§ **Task statement**: Please output the lines from the one with "حيث عمل جمع" through the end of the data exactly as written, omitting all pictures.

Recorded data
▬▬▬▬▬▬
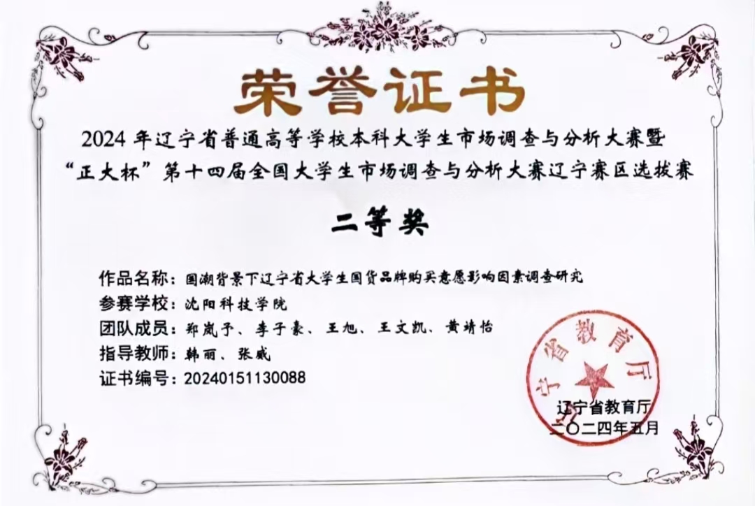 2024年辽宁省大学生市场调研大赛省级二等奖
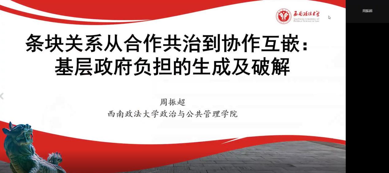 2021年11月24日晚,应水果派邀请,西南政法大学政治与公共管理水果派 周振超教授在腾讯会议上为水果派 社会发展与公共管理水果派 师生带来了题为“条块关系,从合作共治到协作互嵌——基层政府负担的生成及破解”的学术讲座。本次讲座主持人为刘磊副教授,与谈人为张文礼教授,校内外近200名师生参加了本次线上讲座。
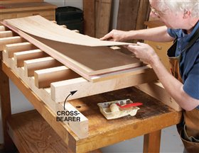 6. Assemble a shop-made veneer press and go through a dry run. The lower half of the press consists of a series of stout cross-bearers supported by two boards that run the length of the bench.
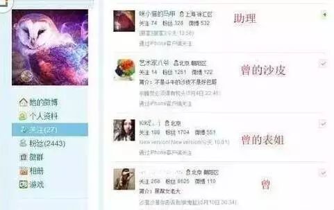 两人还专门为对方注册了微博小号,刘亦菲的微博小号第一个关注的就是曾轶可的小号,而且刘亦菲的微博小号名字就是曾轶可歌名——《babasister》,当然,曾轶可也是第一时间关注了刘亦菲,颇有小女生情怀。
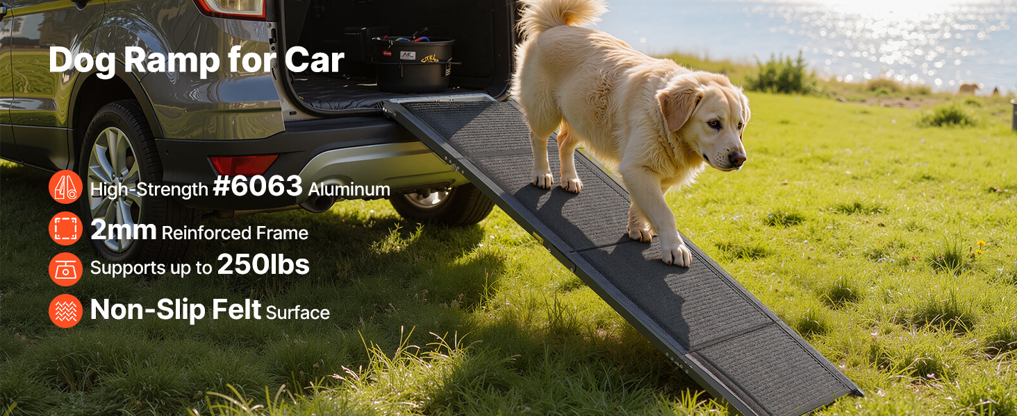 Rampa pre psov do auta má protišmykový povrch a skladacia konštrukcia umožňuje jednoduché skladovanie a prenášanie. Pomáha domácim miláčikom bezpečne a sebaisto nastupovať a vystupovať z auta alebo stúpať po schodoch, je vhodná pre viacero scenárov
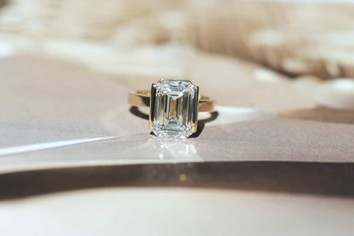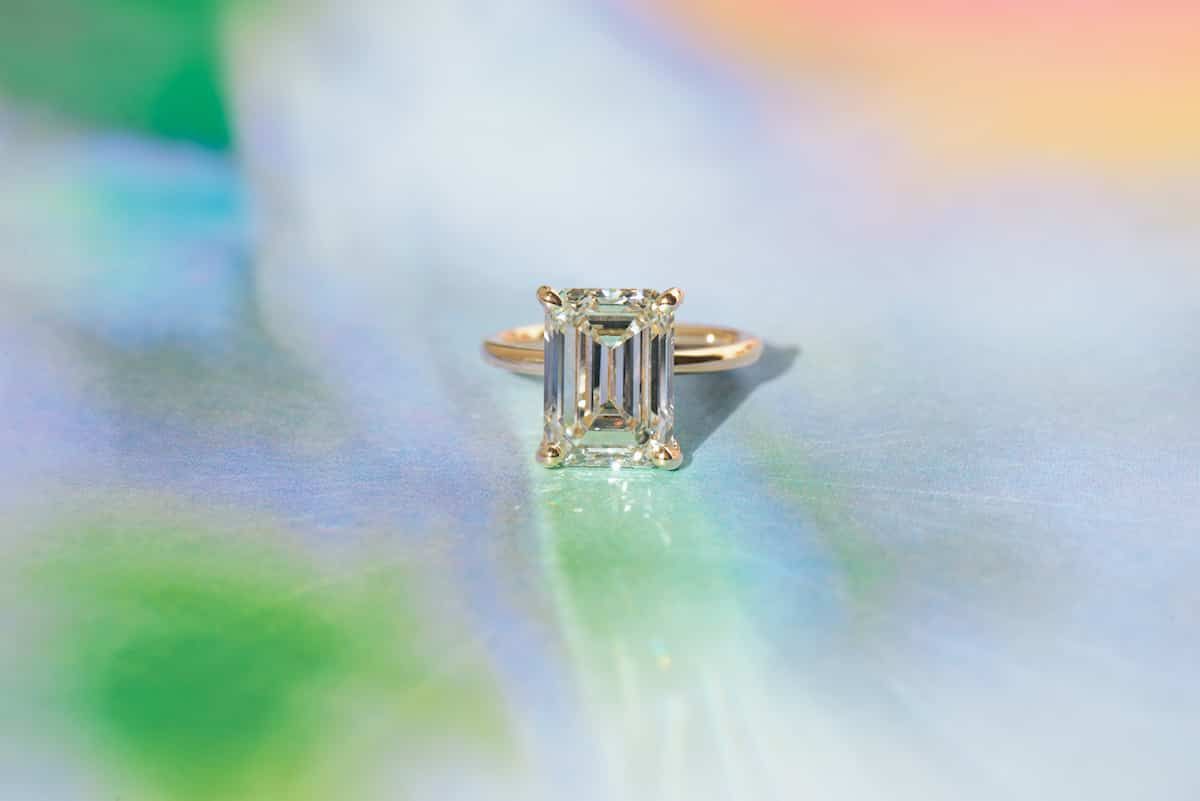 This is why we always encourage our emerald cut engagement ring clients (especially when looking at emerald cut lab grown and natural diamonds) to go higher on colour and clarity. Unlike brilliant-cut stones, with the lively, dynamic sparkle that can mask imperfections, the emerald cut’s crisp, mirror-like panels give you a full view of the entire stone inside and out. Where a faceted brilliant cut sparkles with its energetic “busyness,” the emerald cut commands attention with its serene sophistication, making every detail count.
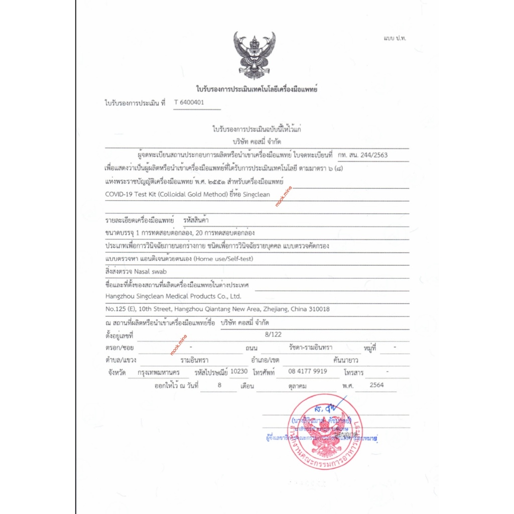 ชุดตรวจatk singclean กล่องรวม จำนวน20test ไม่มีกล่องแยก นำเข้าถูกต้องออกใบกำกับภาษีได้
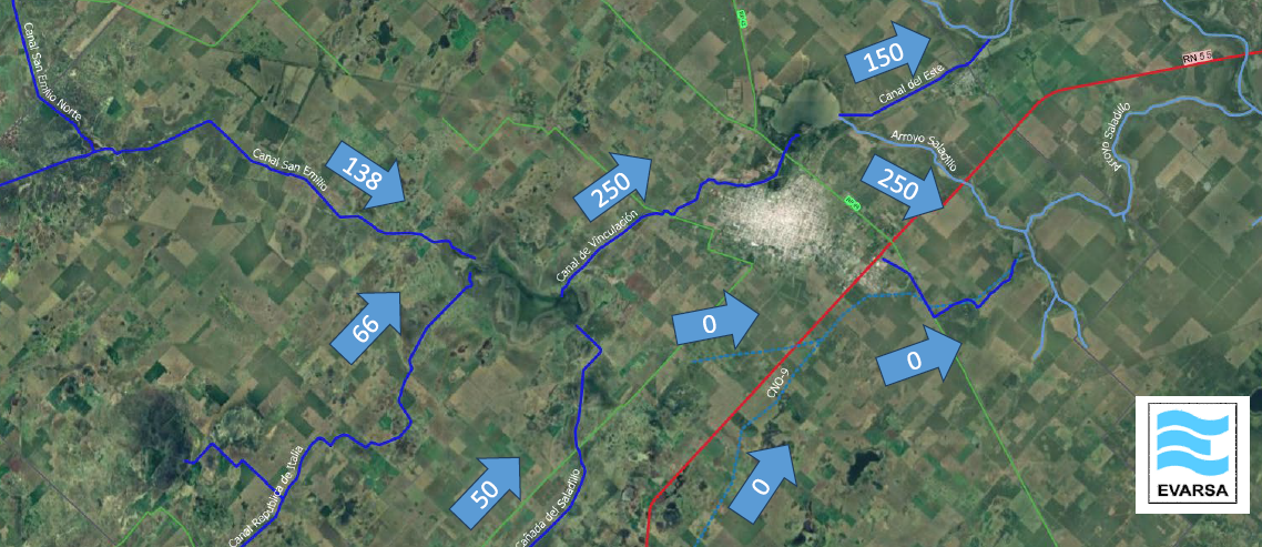 “Para tener una referencia, el río Salado a esa altura tiene un caudal de unos 400 metros cúbicos por segundo y aquí estamos proponiendo una obra que va a permitir escurrir 250 metros cúbicos; es muy relevante para toda la región productiva”, remarcó Tavecchio.
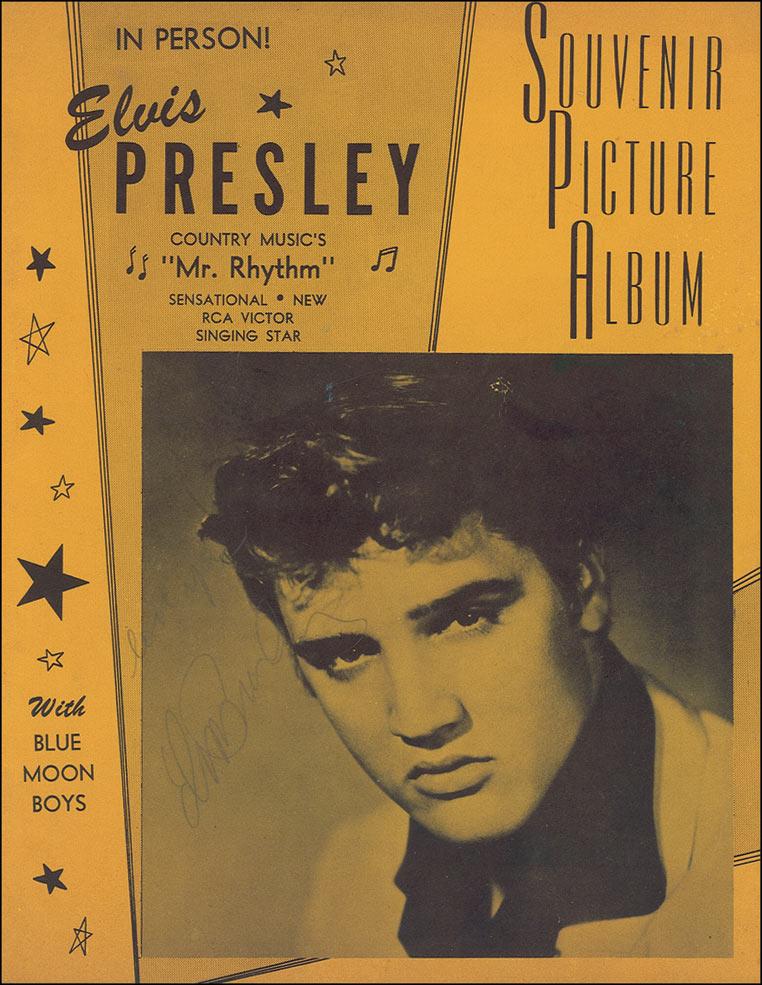 Scarce vintage souvenir picture album, very similar to a concert program, circa 1955-56, 8.5 x 11, eight pages, heralding Presley on the cover as “Country Music’s ‘Mr. Rhythm’ Sensational New RCA Victor Singing Star,” signed on the front cover in pencil, “Love you, Elvis Presley.” A bit of light contrast to Presley’s signature and sentiment, scattered toning and foxing to inside pages, and mild handling wear, otherwise fine condition. These particular programs are difficult to find even unsigned.
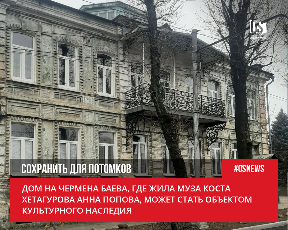 Об этом сообщает комитет по охране и использованию культурных объектов республики. «Началась процедура общественного обсуждения Акта государственного историко-культурной экспертизы выявленного объекта культурного наследия – «Дом Поповых, где в 80-е годы XIX века часто бывал К.Л.Хетагуров. 1875 г.». По его результатам здание может быть внесено в Единый государственный реестр памятников истории и культуры России», – говорится в тексте. Напомним, 2-х-этажный кирпичный дом на ул. Чермена Баева,11 – одно из тех сохранившихся зданий Владикавказа, которые тесно связаны с биографией и творчеством К. Л. Хетагурова. Он принадлежал армянскому купеческому семейству Поповых, хорошо известному во Владикавказе. У Поповых были сыновья и дочь Анна, в которую был влюблен Коста Хетагуров.
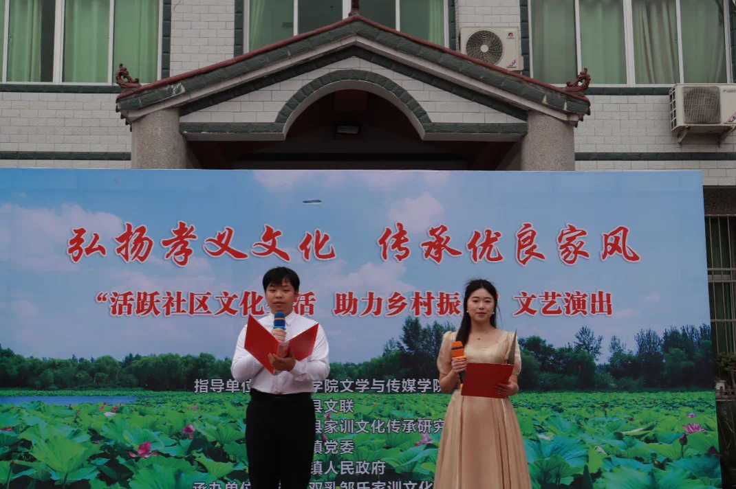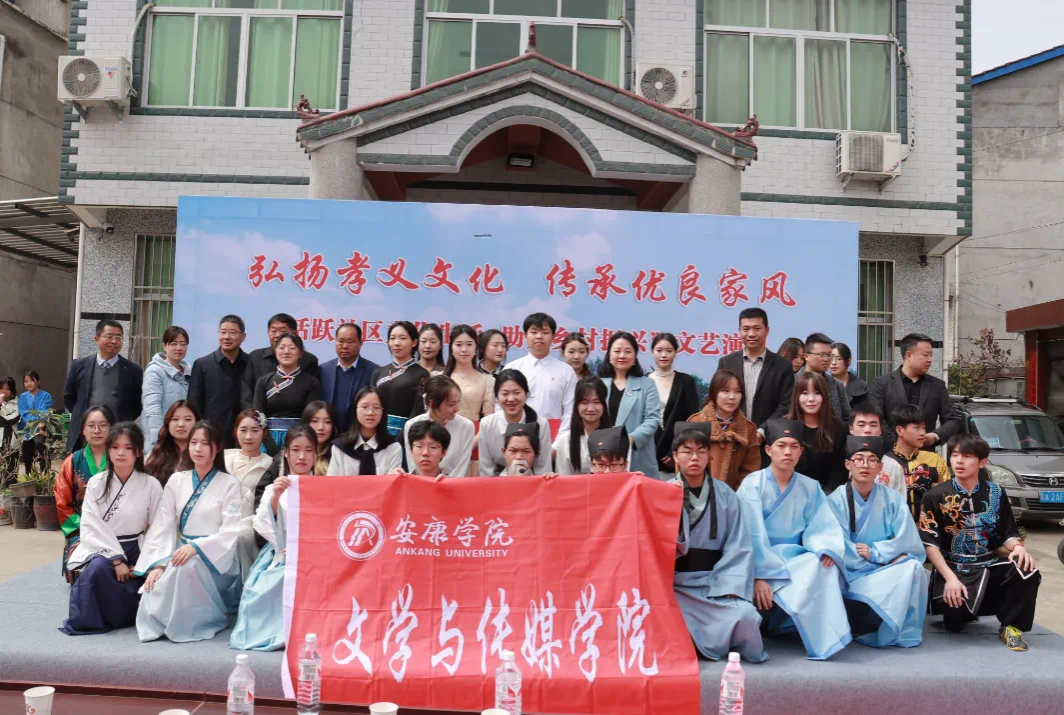 孝义文化是中华民族传统文化的瑰宝,在乡村振兴的进程中发挥着独特的精神滋养作用。本次活动紧紧围绕“孝义文化”这一核心展开,通过12个精心编排的节目,将时代精神深度融入地方文化,实现两者的有机融合。藏舞《那曲锅庄》以其欢快的舞步,瞬间点燃现场气氛,舞者们用灵动的身姿传递出民族团结的深厚情感;武术《金州武韵》刚柔相济,展现出汉江儿女的昂扬精神风貌;原创节目《邹氏家训》别出心裁,创新演绎当地家风文化,让观众感受到传统家训的独特魅力。此外,师生们在采风后创作的《脊梁上的黎明》,表达了对抗疫一线等乡村建设者的崇高敬意;情景朗诵《这是一首最美的抒情诗》字里行间深情倾诉着对党的无限热爱。
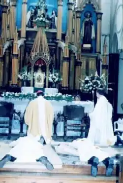 When the necessary canonical authorizations were granted, the priests of the Society of Jesus received the church and residence of El Carmen in January 1916. The sanctuary had to be repaired a little over a year later due to an earthquake. The painting and artistic restoration was performed by brother Frías S.J. He is the same artist who painted the image of the Lady of Guadalupe in the Gothic altar of the Salesian workshops of the School of Arts and Trades in Santa Tecla. The crucified Christ of the altar and the screen of the main gate as well as the confessional booths and pulpit were carved in these workshops.
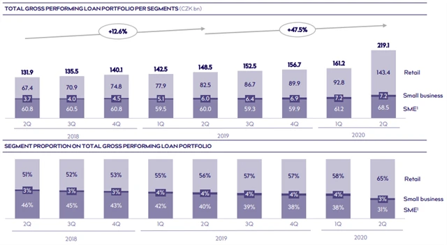 Bilance hrubých retailových úvěrů se i díky akvizici aktiv Wüstenrotu v pololetí meziročně zvýšila o 73,8 % na 134,4 miliardy Kč, v segmentu hypotečních úvěrů došlo ke zvýšení bilance o 135,4 % na 87,7 miliardy Kč (akvírované portfolio: 38,6 miliardy Kč). Bilance hrubých úvěrů poskytnutých podnikům se meziročně zvýšila o 14,7 % na 75,7 miliardy Kč, z toho objem úvěrů pro malé firmy se zvýšil o 20,2 % na 7,2 miliardy Kč.
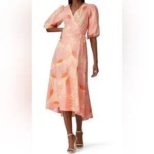 Kate Spade Falling Flower Wrap Midi Dress Pink Orange Puff Sleeve Size 4
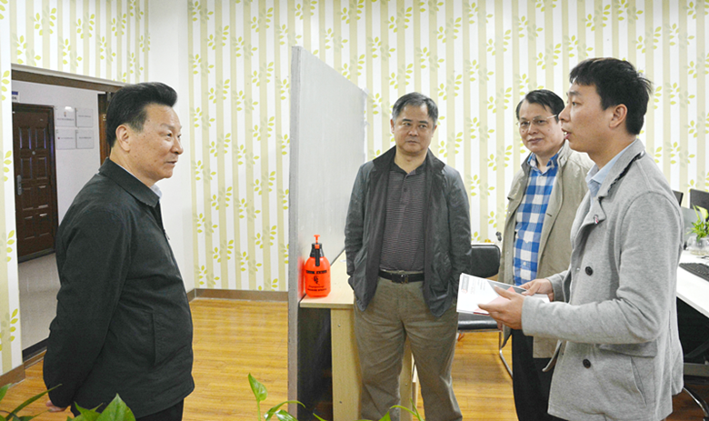 在资产经营管理有限公司党委书记曾浩、华师科技园总经理石炜陪同下,赵斌一行先后考察了华师科技园武汉览山科技有限公司和湖北思拜尔信息技术有限公司。
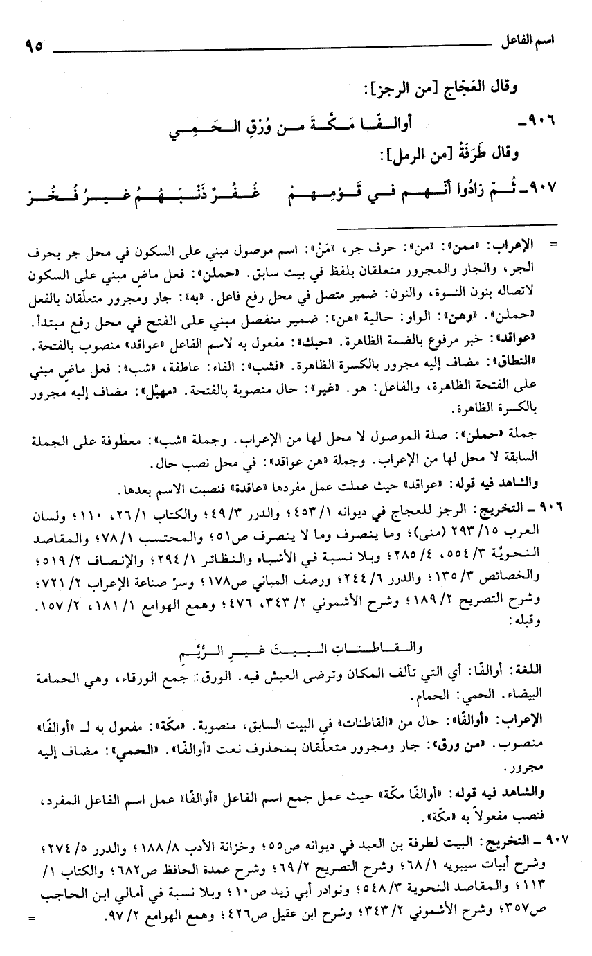 والشاهد فيه قوله: "أوالفًا مكة" حيث عمل جمع اسم الفاعل "أوالفًا" عمل اسم الفاعل المفرد، فنصب مفعولًا به "مكة".
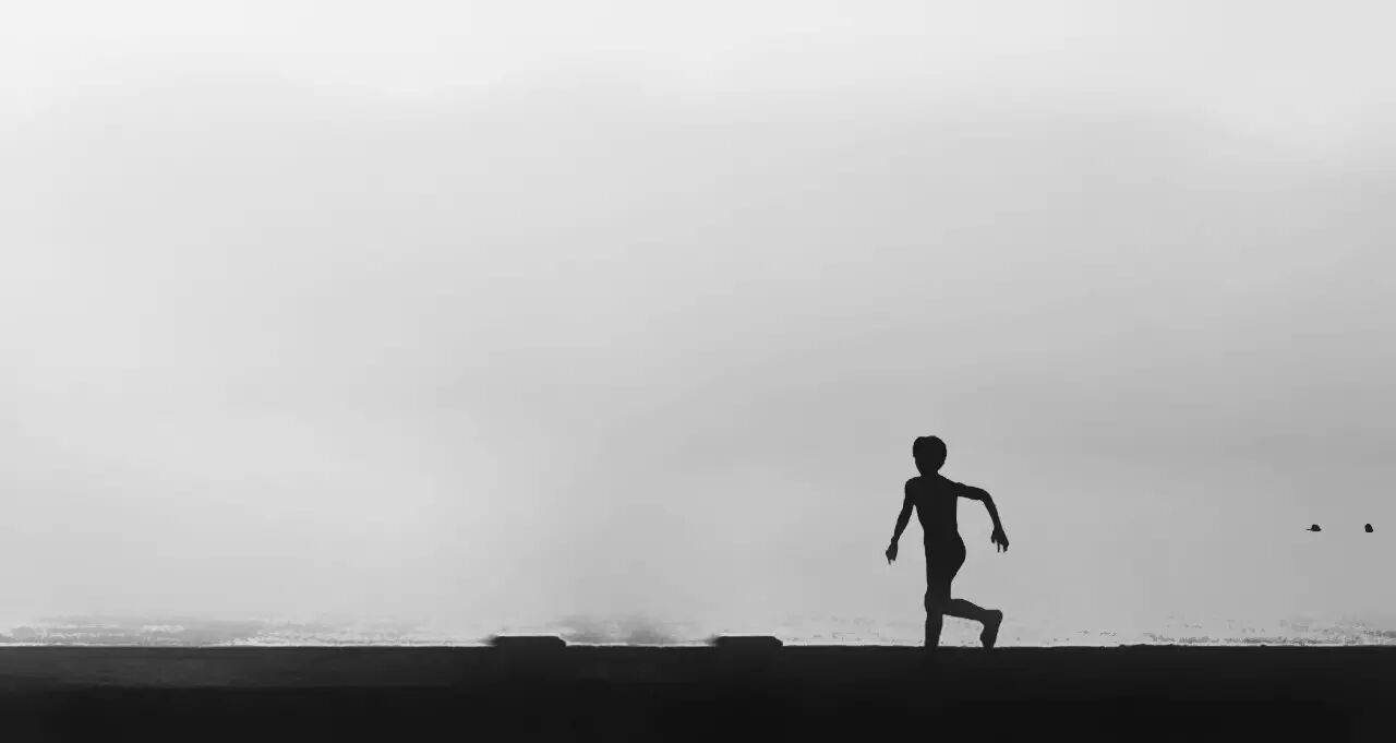 在堤坝奔跑的小男孩,距离隔得太远,像素达不到。
▬▬▬▬▬▬
§ **Final answer**:
 والشاهد فيه قوله: "أوالفًا مكة" حيث عمل جمع اسم الفاعل "أوالفًا" عمل اسم الفاعل المفرد، فنصب مفعولًا به "مكة".
 在堤坝奔跑的小男孩,距离隔得太远,像素达不到。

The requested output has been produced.